Дойдя до места, «больные» сразу исцелились.

– Лесной воздух творит чудеса! – заключил Тулипан.

Когда с наступлением сумерек пленные возвратились в лагерь, пятеро делегатов уже укатили.

Стемнело. Гонведы ходили по бараку на цыпочках, даже переругивались вполголоса. Они вдруг почувствовали себя покинутыми. Тоскливое настроение порождало противоречивые мысли.

– Значит, снова на войну? – прошептал один из тех, кто вчера в клубе взывал: «К оружию!»

Сколько из них мечтало о том, как с винтовкой в руках прибудут они на родину! Ограждавшая лагерь проволока давно перестала напоминать им о том, что они в плену. Но почему-то именно сегодня каждый гонвед вновь почувствовал себя военнопленным. Да, пожалуй, еще острее, чем семь-восемь месяцев назад, когда он бросил оружие и поднял вверх руки, прося о пощаде.

– Много утечет воды, пока мы увидим свою Тису!

– Если вообще когда-нибудь ее увидим!

После отбоя в барак пришел Тулипан и присел на край постели Кишбера.

– Ну, ребята, – сказал он, – наши уже подъезжают к Москве. В полночь будут на месте.

Единственным ответом на его слова были раздавшиеся тут и там вздохи.

Тулипан сделал вид, что не расслышал их и не заметил глубокого молчания гонведов.

Пленные уже привыкли видеть, что капитан с утра до ночи не выпускает изо рта холодную, пустую трубку с коротким чубуком. Даже нервничая, он лишь прикусывал его и все-таки не закуривал. Однако сегодня Тулипан вдруг сам попросил табаку и набил трубку. Табак и спичку подал ему Кишбер. Когда трубка разгорелась, Тулипан обратился к нему:

– Над чем ты все размышляешь, Кишбер? Уж не изобрел ли ты какое-нибудь чудо-оружие? Как тот австриец, что просил у начальника лагеря пять килограммов свинины – хотел, видишь ли, изготовить взрывчатку, какой не знавал еще мир.

– За такие опыты и я готов взяться! – откликнулся кто-то из гонведов.

Однако даже этой шутке ответили смехом лишь немногие, да и то совсем не так, как откликаются обычно веселые люди.

Кишбер почему-то неожиданно вспомнил, что когда он посещал среднюю школу в Дьёндьёше – следует заметить, он не раз похвалялся, что закончил второй класс городского училища и ушел только из третьего, – словом, что во втором классе учитель венгерского языка Брендорфер учил его, Кишбера, будто историческая миссия Венгрии – защищать Запад от Востока.

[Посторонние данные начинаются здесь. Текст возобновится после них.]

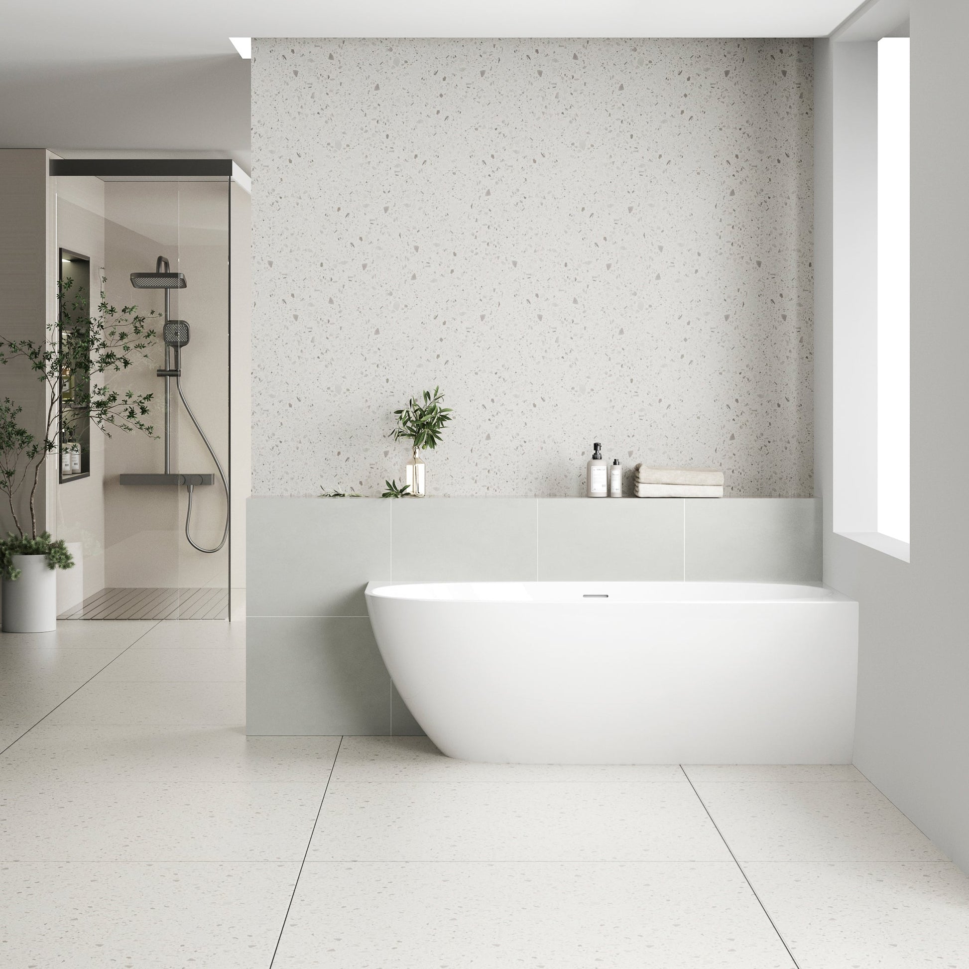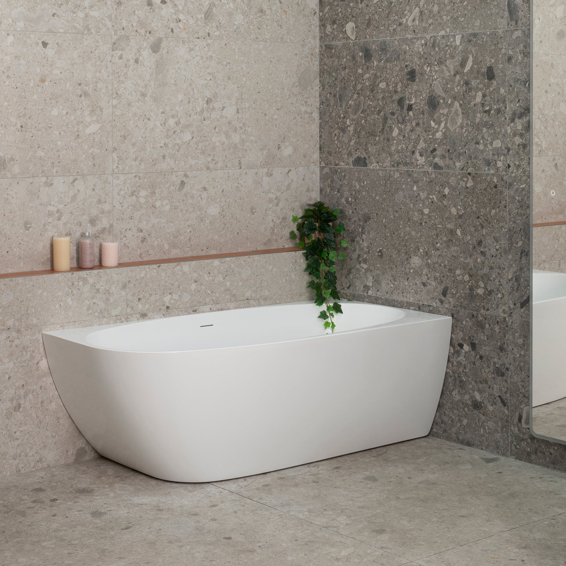 The unique curves of this corner bathtub embodies a harmonious blend of contemporary design and luxurious functionality. Perfectly positioned in a corner, it optimises space utilisation without compromising on aesthetics. With its innovative design and practical features, the Byron Egg corner bathtub is a symbol of refined relaxation and timeless beauty.

– Как же это, выходит, – спрашивал теперь Кишбер у Тулипана, – что мы хотим завоевывать венгерскую свободу в содружестве с Востоком?

Ответить на этот вопрос вызвались сразу многие.

Однако ни один гонвед так и не сумел дать правильного ответа. Это не очень огорчило Тулипана, хоть он и знал, что вовсе не случайно никто из пленных до конца убежденно не опроверг старую лживую теорию, которой было одурманено в Венгрии великое множество голов. Капитан понимал: сейчас, когда гонведов обуяло тоскливое чувство заброшенности, не только какой-то там солдатик Кишбер, но и большинство из них, людей, прочитавших за всю свою жизнь одну-единственную книжку, естественно, должны вспомнить именно то, о чем она им поведала.

– Восток и Запад… Что, собственно, означают два эти слова? – задал вопрос Тулипан, напрасно прождав, когда сами гонведы рассеют сомнения Кишбера. – Да-да, что они значат?.. На востоке встает солнце, на западе оно садится. Но где точное место востока и запада? По отношению к России – Венгрия запад, по отношении к Франции – она уже восток. Если находишься в Венгрии – востоком будет Россия, а очутишься в Китае – Россия станет западом.

Мир делится не на Восток и Запад, а на угнетенных и угнетателей. Больше того, в настоящее время в мире уже существует народ, не знающий ни угнетателей, ни угнетенных. Это советский народ. В чем же историческая миссия венгерского народа? Разве не в том, чтобы бороться и отвоевать себе свободу, а отвоевав, защитить ее?

По общему молчанию Тулипан понял, что на вырвавшийся у Кишбера совершенно невольно, без какого бы то ни было дурного умысла вопрос он не дал пока удовлетворительного ответа, а ведь иные могут спросить его об этом отнюдь не праздно, а со злым умыслом. Слушая его рассуждения насчет Востока и Запада, все большее число гонведов начинало в раздумье припоминать, что ведь и они где-то когда-то слыхали, будто Венгрия – бастион Запада…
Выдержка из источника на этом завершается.